Collected data entries
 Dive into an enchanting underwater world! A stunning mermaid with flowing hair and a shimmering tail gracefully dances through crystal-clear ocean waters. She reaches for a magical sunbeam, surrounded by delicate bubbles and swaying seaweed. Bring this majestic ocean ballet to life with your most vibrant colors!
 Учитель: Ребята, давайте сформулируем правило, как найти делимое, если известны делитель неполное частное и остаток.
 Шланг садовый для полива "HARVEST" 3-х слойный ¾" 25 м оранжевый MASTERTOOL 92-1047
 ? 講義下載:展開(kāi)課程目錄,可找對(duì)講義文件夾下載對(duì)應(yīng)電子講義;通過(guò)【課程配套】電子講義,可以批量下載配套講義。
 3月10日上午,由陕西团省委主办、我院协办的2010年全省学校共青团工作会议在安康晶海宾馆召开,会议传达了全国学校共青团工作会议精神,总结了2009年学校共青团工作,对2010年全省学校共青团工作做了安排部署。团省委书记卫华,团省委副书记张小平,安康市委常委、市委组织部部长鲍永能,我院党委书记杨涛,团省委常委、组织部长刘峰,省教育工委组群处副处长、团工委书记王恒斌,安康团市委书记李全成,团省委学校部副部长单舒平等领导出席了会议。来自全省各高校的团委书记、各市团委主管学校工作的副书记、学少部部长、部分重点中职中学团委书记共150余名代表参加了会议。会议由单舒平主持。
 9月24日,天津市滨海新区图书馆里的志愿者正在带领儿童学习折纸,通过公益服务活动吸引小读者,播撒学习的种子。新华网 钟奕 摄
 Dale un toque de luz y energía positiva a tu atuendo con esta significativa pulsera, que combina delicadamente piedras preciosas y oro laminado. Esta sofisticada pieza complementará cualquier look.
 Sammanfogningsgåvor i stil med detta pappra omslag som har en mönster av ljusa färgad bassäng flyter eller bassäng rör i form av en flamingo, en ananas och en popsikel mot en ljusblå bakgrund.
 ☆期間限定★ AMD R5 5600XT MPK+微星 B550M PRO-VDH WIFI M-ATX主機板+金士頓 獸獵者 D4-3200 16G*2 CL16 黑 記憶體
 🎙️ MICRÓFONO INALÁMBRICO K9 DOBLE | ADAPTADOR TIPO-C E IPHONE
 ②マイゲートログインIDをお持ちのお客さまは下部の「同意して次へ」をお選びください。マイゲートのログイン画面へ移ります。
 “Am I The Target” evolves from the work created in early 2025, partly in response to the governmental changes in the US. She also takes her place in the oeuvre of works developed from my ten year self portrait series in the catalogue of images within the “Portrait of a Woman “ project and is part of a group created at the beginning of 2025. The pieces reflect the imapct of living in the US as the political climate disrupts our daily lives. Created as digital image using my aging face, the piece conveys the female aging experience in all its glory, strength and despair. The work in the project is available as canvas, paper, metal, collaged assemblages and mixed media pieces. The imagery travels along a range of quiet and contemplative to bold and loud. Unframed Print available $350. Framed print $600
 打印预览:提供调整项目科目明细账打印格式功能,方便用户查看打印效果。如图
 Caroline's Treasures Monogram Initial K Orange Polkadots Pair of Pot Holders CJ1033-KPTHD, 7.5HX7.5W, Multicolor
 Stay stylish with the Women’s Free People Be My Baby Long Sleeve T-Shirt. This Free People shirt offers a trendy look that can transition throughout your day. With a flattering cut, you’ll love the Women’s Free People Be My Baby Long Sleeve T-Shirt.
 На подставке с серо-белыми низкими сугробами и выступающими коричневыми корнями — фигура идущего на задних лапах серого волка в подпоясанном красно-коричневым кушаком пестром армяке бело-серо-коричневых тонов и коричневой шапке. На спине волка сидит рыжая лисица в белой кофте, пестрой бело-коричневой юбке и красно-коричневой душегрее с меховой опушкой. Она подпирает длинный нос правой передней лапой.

WHAT IS NEEDED
Type out the records again exactly, line for line.

FINAL ANSWER
 Dive into an enchanting underwater world! A stunning mermaid with flowing hair and a shimmering tail gracefully dances through crystal-clear ocean waters. She reaches for a magical sunbeam, surrounded by delicate bubbles and swaying seaweed. Bring this majestic ocean ballet to life with your most vibrant colors!
 Учитель: Ребята, давайте сформулируем правило, как найти делимое, если известны делитель неполное частное и остаток.
 Шланг садовый для полива "HARVEST" 3-х слойный ¾" 25 м оранжевый MASTERTOOL 92-1047
 ? 講義下載:展開(kāi)課程目錄,可找對(duì)講義文件夾下載對(duì)應(yīng)電子講義;通過(guò)【課程配套】電子講義,可以批量下載配套講義。
 3月10日上午,由陕西团省委主办、我院协办的2010年全省学校共青团工作会议在安康晶海宾馆召开,会议传达了全国学校共青团工作会议精神,总结了2009年学校共青团工作,对2010年全省学校共青团工作做了安排部署。团省委书记卫华,团省委副书记张小平,安康市委常委、市委组织部部长鲍永能,我院党委书记杨涛,团省委常委、组织部长刘峰,省教育工委组群处副处长、团工委书记王恒斌,安康团市委书记李全成,团省委学校部副部长单舒平等领导出席了会议。来自全省各高校的团委书记、各市团委主管学校工作的副书记、学少部部长、部分重点中职中学团委书记共150余名代表参加了会议。会议由单舒平主持。
 9月24日,天津市滨海新区图书馆里的志愿者正在带领儿童学习折纸,通过公益服务活动吸引小读者,播撒学习的种子。新华网 钟奕 摄
 Dale un toque de luz y energía positiva a tu atuendo con esta significativa pulsera, que combina delicadamente piedras preciosas y oro laminado. Esta sofisticada pieza complementará cualquier look.
 Sammanfogningsgåvor i stil med detta pappra omslag som har en mönster av ljusa färgad bassäng flyter eller bassäng rör i form av en flamingo, en ananas och en popsikel mot en ljusblå bakgrund.
 ☆期間限定★ AMD R5 5600XT MPK+微星 B550M PRO-VDH WIFI M-ATX主機板+金士頓 獸獵者 D4-3200 16G*2 CL16 黑 記憶體
 🎙️ MICRÓFONO INALÁMBRICO K9 DOBLE | ADAPTADOR TIPO-C E IPHONE
 ②マイゲートログインIDをお持ちのお客さまは下部の「同意して次へ」をお選びください。マイゲートのログイン画面へ移ります。
 “Am I The Target” evolves from the work created in early 2025, partly in response to the governmental changes in the US. She also takes her place in the oeuvre of works developed from my ten year self portrait series in the catalogue of images within the “Portrait of a Woman “ project and is part of a group created at the beginning of 2025. The pieces reflect the imapct of living in the US as the political climate disrupts our daily lives. Created as digital image using my aging face, the piece conveys the female aging experience in all its glory, strength and despair. The work in the project is available as canvas, paper, metal, collaged assemblages and mixed media pieces. The imagery travels along a range of quiet and contemplative to bold and loud. Unframed Print available $350. Framed print $600
 打印预览:提供调整项目科目明细账打印格式功能,方便用户查看打印效果。如图
 Caroline's Treasures Monogram Initial K Orange Polkadots Pair of Pot Holders CJ1033-KPTHD, 7.5HX7.5W, Multicolor
 Stay stylish with the Women’s Free People Be My Baby Long Sleeve T-Shirt. This Free People shirt offers a trendy look that can transition throughout your day. With a flattering cut, you’ll love the Women’s Free People Be My Baby Long Sleeve T-Shirt.
 На подставке с серо-белыми низкими сугробами и выступающими коричневыми корнями — фигура идущего на задних лапах серого волка в подпоясанном красно-коричневым кушаком пестром армяке бело-серо-коричневых тонов и коричневой шапке. На спине волка сидит рыжая лисица в белой кофте, пестрой бело-коричневой юбке и красно-коричневой душегрее с меховой опушкой. Она подпирает длинный нос правой передней лапой.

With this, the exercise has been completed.